Background

Lung cancer is the leading cause of cancer-related deaths worldwide, accounting for approximately 1.79 million fatalities annually [1]. Non-small cell lung cancer (NSCLC) accounts for 85% of cases, with low survival rates with existing treatments. In recent years, NSCLC therapy has undergone an enormous shift since the identification of immunological checkpoints and the subsequent development of immune checkpoint inhibitors (ICIs) [2]. Immunocheckpoint blockade (ICB) targeting the programmed cell death-1/programmed death-ligand1 (PD-1/PD-L1) pathway has become a new standard treatment for NSCLC, improving survival rates either when used alone or in conjunction with conventional chemotherapy [3]. Despite recent developments in immunotherapy, more research is still required to fully comprehend the biology of immune-responsive subsets.

The immune system may be stimulated, and the tumor response to immunotherapy may be improved, by DNA damage, which can be intrinsic due to tumor genomic instability or exacerbated as a result of DNA-damaging treatments [4]. The cGAS-STING signaling pathway is a crucial cytosolic DNA sensing mechanism in vivo, involved in inducing the expression of type I interferons (IFNs) and influencing the body's immune response in controlling pathogen infection, tumor immunity, and autoimmune disorders. cGAS contains an extremely conserved nucleotidyltransferase domain that may detect double-stranded DNA (dsDNA) released into the cytosol [5]. This cGAS-STING signaling in turn triggers IFN I and cytokine response [6–8]. Since aberrant DNA is particularly prominent in cancer as a result of its release from necrotic cells and DNA leakage into the cytosol of cancer cells [9], cGAS signaling may trigger IFN I synthesis, immunological activation, and cancer cell apoptosis. Consequently, downregulating the cGAS-STING pathway would make it possible for cancer cells to avoid immune recognition and response. Furthermore, this pathway's activation can upregulate PD-L1, inhibiting cytotoxic T lymphocyte (CTLs) activity [10]; mutant p53 has also been shown to suppress downstream signaling from cGAS/STING pathway, thereby enabling immune evasion [11].

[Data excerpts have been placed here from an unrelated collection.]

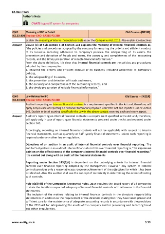 Answer Auditor’s reporting on internal financial controls is a requirement specified in the Act and, therefore,
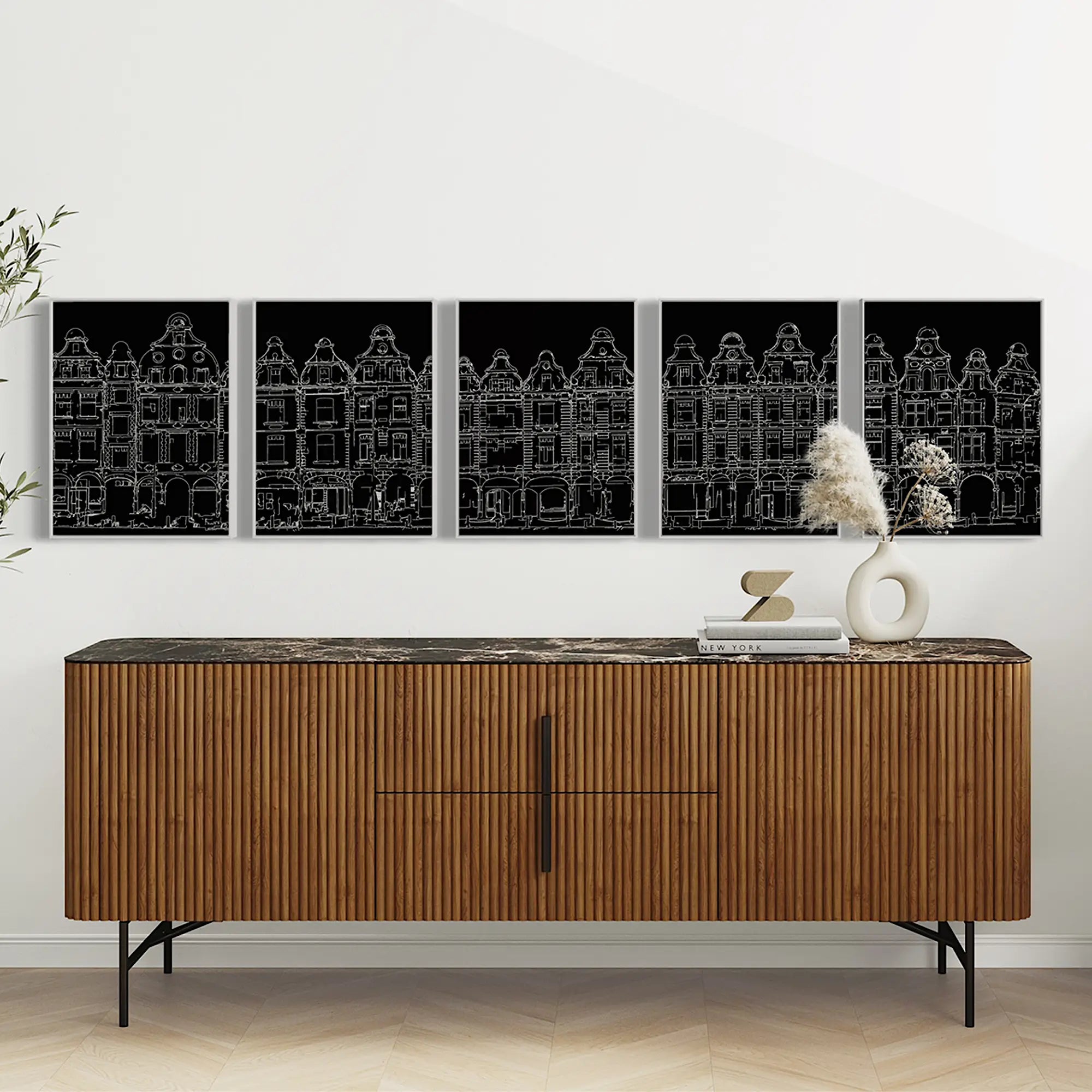 Discover a superb original work by Jacques Goffin! The panorama of Heroes’ Square comes to life in the form of five panels, reworked with white lines on a black background. Add this unique piece to your space for an artistic and inspiring touch, whether in an office or home.
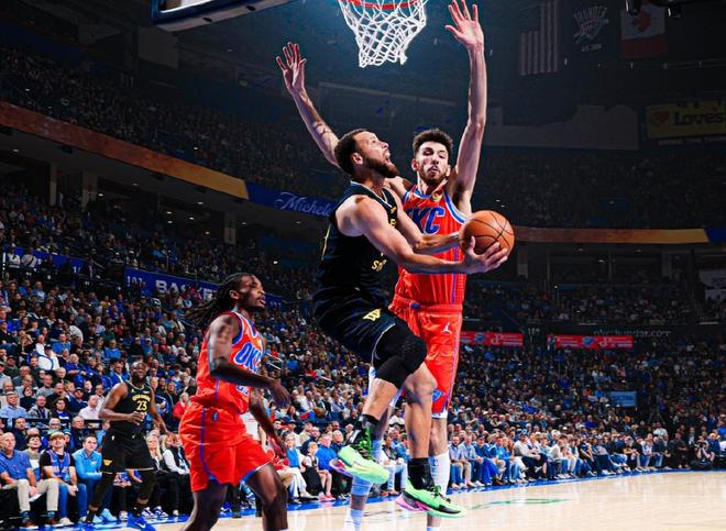 而库里似乎也受到了恶犯的影响,第二节5投0中一分未得,雷霆抓住机会,继续扩大领先优势,半场比赛战罢,雷霆63-44领先勇士19分。下半场比赛开始,易边再战,华莱士的45度角空位三分洞穿篮心,揭开第三节比赛序幕,追梦格林追身三分突施冷箭,还击一球,米切尔闪电突破犹如无人之境,轻松上篮擦板得分,库里的中距离起身小抛投也稳稳打进,切特制霸篮下,抡起双锤砸筐重扣技惊四座,哈腾的反击一条龙,单手劈扣也点燃全场。尽管勇士到了第三节,效率已经全面回暖,进攻越来越顺,但他们同样也防不住雷霆的攻势。
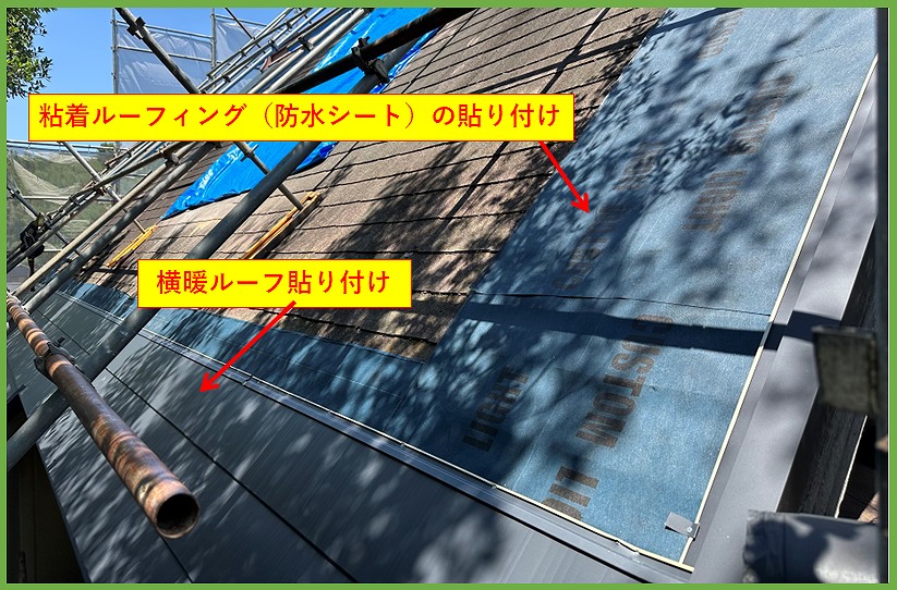 工事範囲は切妻屋根部と下屋であり、弊社は既存のカラーベストを剥がした後の屋根貼り付け工事を請け負い、横暖ルーフを貼り付けしました。
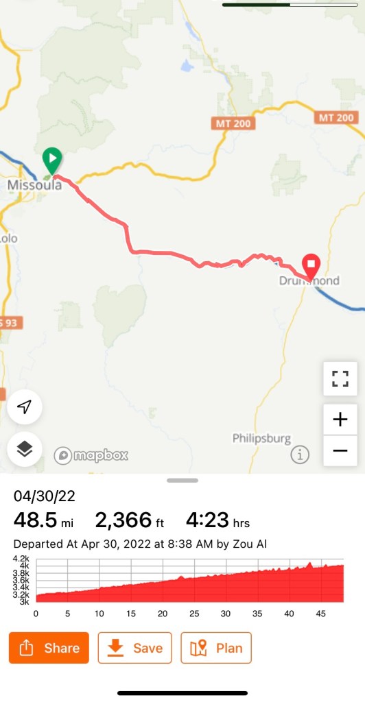 Day 14. Milltown MT to Drummond MT. 49 miles. 2367 feet of climb. Third day of 3pm rain.
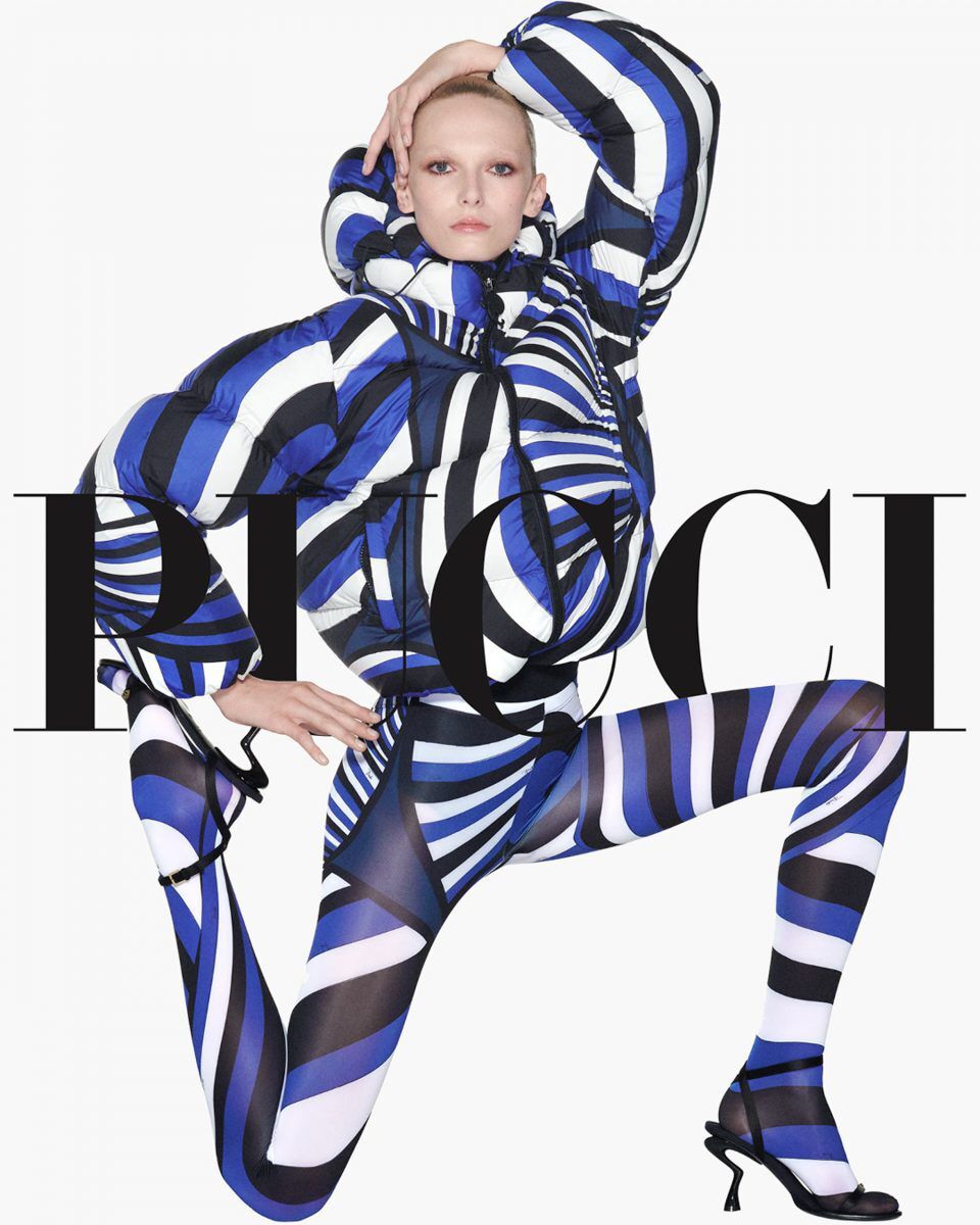 A person strikes a dynamic pose, wearing an outfit with bold, curvy stripes in blue, black, and white. The design features a voluminous, patterned jacket paired with matching form-fitting leggings and sleek, black stiletto heels. The overall aesthetic is modern and high-fashion, emphasizing geometric patterns and a confident stance against a clean, monochrome background.
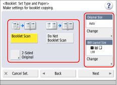 If you do not use the Booklet Scan mode, you cannot select the layout of two-sided originals.
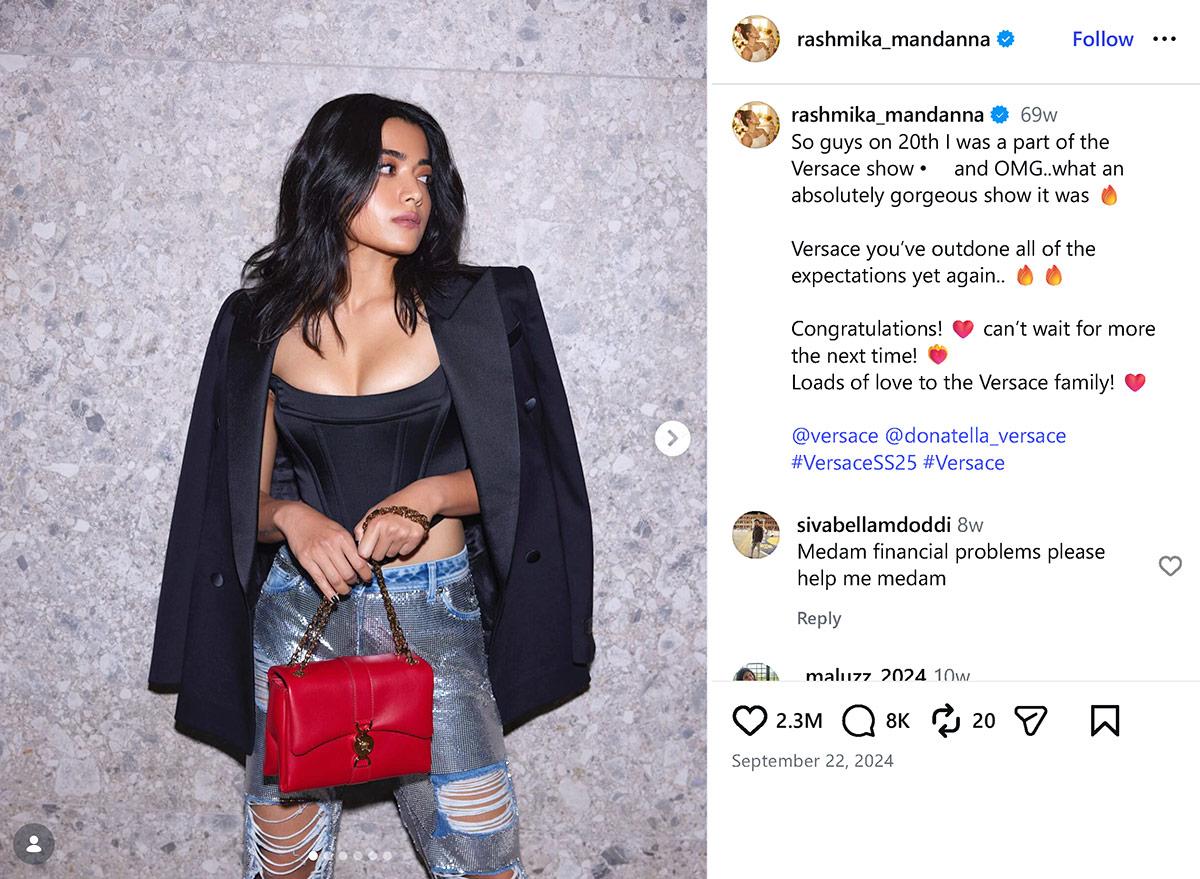 IMAGE: Rashmika Mandanna’s corset and metallic denim combo is your go-to for a casual but flirty evening. Photograph: Kind courtesy Rashmika Mandanna/Instagram

We studied the cGAS-STING pathway using systems biology, a holistic approach to decode complex, dynamic biological systems with numerous interrelationships and interactions that occur within the confines of time, physiology, and space [12–14]. One crucial tool in systems biology is mathematical modeling, which determines how biological system components interact to produce intricate dynamic behavior. Computational experiments using mathematical models to simulate biological systems could provide valuable insights into the driven mechanisms [15,16]. A unique systems biology toolbox is offered within the MATLAB framework, providing researchers with a versatile platform to explore biological systems, design algorithms, and create simulation tools [17–19]. In this study, we used mathematical modeling to address a knowledge gap by reconstructing the cGAS-STING signaling pathway using MATLAB and understanding its regulatory and molecular drivers through iterative model simulations and data analysis. This included the identification and validation of statistical parameters of the model, such as sensitivity, principal components, and model reduction. Altogether, these studies present a mathematical model as a framework to redesign complex signaling networks; modulating such signaling axes could allow better therapeutic intervention.